## Raw data:
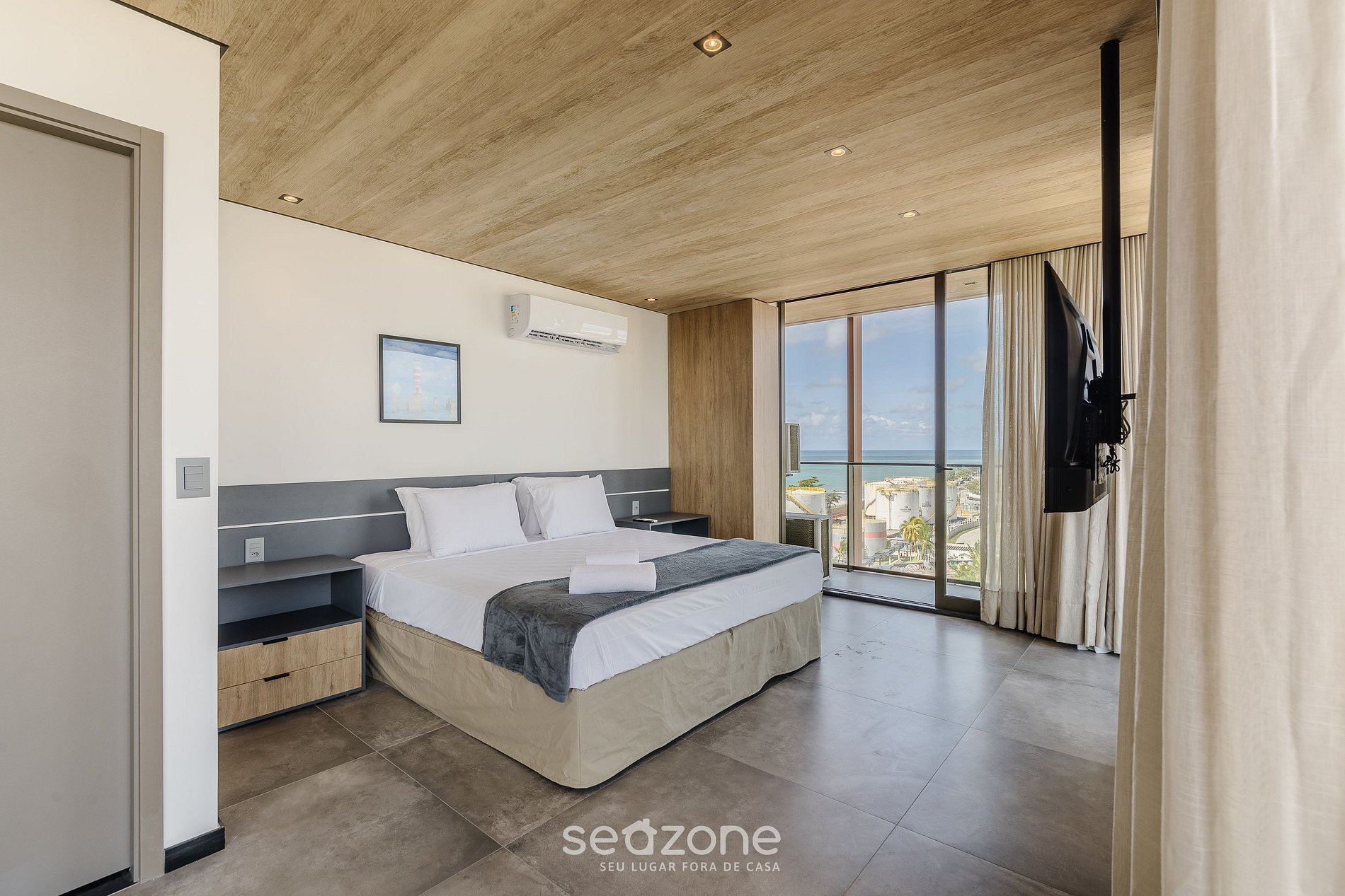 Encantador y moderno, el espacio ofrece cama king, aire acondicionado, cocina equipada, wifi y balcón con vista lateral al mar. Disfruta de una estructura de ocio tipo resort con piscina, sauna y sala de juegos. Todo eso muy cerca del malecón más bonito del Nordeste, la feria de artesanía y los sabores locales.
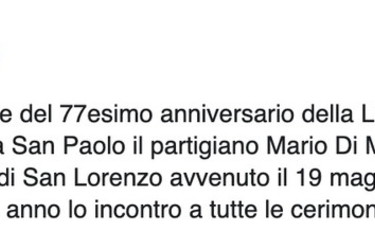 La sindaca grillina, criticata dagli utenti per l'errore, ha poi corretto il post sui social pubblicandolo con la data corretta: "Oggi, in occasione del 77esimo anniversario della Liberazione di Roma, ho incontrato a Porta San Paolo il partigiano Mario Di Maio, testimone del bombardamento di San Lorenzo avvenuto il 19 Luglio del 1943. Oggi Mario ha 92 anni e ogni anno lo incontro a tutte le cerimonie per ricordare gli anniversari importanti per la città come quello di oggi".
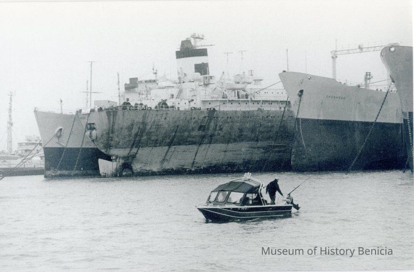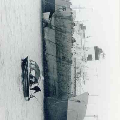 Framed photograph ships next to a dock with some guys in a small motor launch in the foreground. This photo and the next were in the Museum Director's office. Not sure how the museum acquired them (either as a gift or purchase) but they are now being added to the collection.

## How to complete this task:
Your answer should be the lines above from the one that contains "La sindaca grillina, criticata" through the last, set down exactly, with the pictures removed.

## Written answer:
 La sindaca grillina, criticata dagli utenti per l'errore, ha poi corretto il post sui social pubblicandolo con la data corretta: "Oggi, in occasione del 77esimo anniversario della Liberazione di Roma, ho incontrato a Porta San Paolo il partigiano Mario Di Maio, testimone del bombardamento di San Lorenzo avvenuto il 19 Luglio del 1943. Oggi Mario ha 92 anni e ogni anno lo incontro a tutte le cerimonie per ricordare gli anniversari importanti per la città come quello di oggi".
 Framed photograph ships next to a dock with some guys in a small motor launch in the foreground. This photo and the next were in the Museum Director's office. Not sure how the museum acquired them (either as a gift or purchase) but they are now being added to the collection.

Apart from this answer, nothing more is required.